The Physics of Cancer – Food for Thought

The Physics of Living Systems Community has collectively become excited at the possibility of contributing to a better understanding of cancer. The signs of this are manifold. There is a workshop scheduled next spring at the KITP in Santa Barbara on the Physics and Mathematics of Cancer, co-organized by physicists and by cancer biologists. There is a tutorial on Sunday at the upcoming American Physical Society March meeting in Boston to introduce this subject to interested attendees. There is a special issue of the journal Physical Biology (Vol 8.,No. 1 in 2011) devoted to research at the National Cancer Institute sponsored Physical Science Oncology Centers. And, we here at the Center for Theoretical Biological Physics will be starting a new synergy research area devoted to this topic.

So, what gives? I think the answer here lies in the fact that physical science can offer both tools and concepts that could help deal with the amazing complex story of cancer as it has become to be understood. Aside from some special cases, attempting to cure cancer by following the simple path of finding a single defect (perhaps one key mutation leading to constitutive activity of a signaling protein) and then devising a small molecule therapy just has not proven to be a powerful enough strategy. In fact, cancers often respond to such treatment with short-term retraction followed inexorably by long-term renewed vigor. This defeat of therapy can occur by a variety of individual cell changes (resistance mutations for example), by collective changes within the entire tumor, by recruitment of surrounding normal cells; the details are sorely absent. Surely coupled to this is the fact that cancers are remarkably heterogeneous in their genomic profiles and in their physical manifestations; there are many redundant pathways leading to similar dire consequences. We as a society are thus faced with the prospect of pending hundreds of thousands of dollars per patient on drugs that increase life expectancy by merely a few months. It may be the height of hubris to think that physicists can make progress on topics that have resisted the best efforts of the oncology community, but there is certainly a strong motivation to try.

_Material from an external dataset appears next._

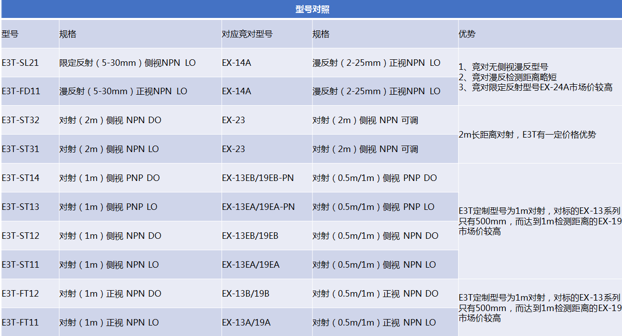 小型光电的应用集中在:电子3C产业的前段和后段,医疗设备行业中的体外诊断,Semi产业的后段,以及二次电池行业的中段和后段 有以上领域在使用可以使用推荐定制的E3T-G产品。 以下是该定制产品与松下竞品的优势对照 ![]() E3T-SL21 限定反射(5-30mm )侧视NPN LO EX-14A 漫反射(2-25mm )正视NPN LO E3T-FD11 漫反射(5-30mm )正视NPN LO EX-14A 漫反射(2-25mm )正视NPN LO E3T-ST32 对射(2m )侧视NPN DO EX-23 对射( 2m)侧视NPN可调 E3T-ST31对射( 2m )侧视 NPN LO EX-23 对射( 2m)侧视NPN可调 E3T-ST14对射( 1m)侧视 PNP DO EX-13EB/19EB-PN 对射(0.5m/1m )侧视PNP DO E3T-ST13 对射( 1m )侧视 PNP LO EX-13EA/19EA-PN对射( 0.5m/1m)侧视PNP LO E3T-ST12 对射( 1m )侧视NPN DO EX-13EB/19EB 对射(0.5m/1m)侧视NPN DO E3T-ST11 对射( 1m )侧视NPN LO EX-13EA/19EA 对射(0.5m/1m )侧视NPN LO E3T-FT12对射( 1m )正视 NPN DO EX-13B/19B 对射(0.5m/1m )正视NPN DO E3T-FT11对射( 1m )正视NPN LO EX-13A/19A 对射(0.5m/1m )正视 NPN LO |

And, there are good intellectual reasons as well to work on cancer. Cancer touches on some of the most basic questions underlying biology, related to the plasticity of genetic degrees of freedom, the nature of cell differentiation, the constraints that multi-cellularity places on the proliferation and selfish behavior of individual cells, the role of environment in both genotypic selection and phenotypic behavior etc. There is room here for working on evolutionary dynamics, on genetic systems that control cell fate, on the mechanics of cell motility, on high-resolution imaging inside the human body, and on the design of drug delivery systems. So, as you ponder where you can make your own personal contributions to the Physics of Living Systems, do not overlook the possibility of working on the physics of cancer; it is one of the true challenges of our time.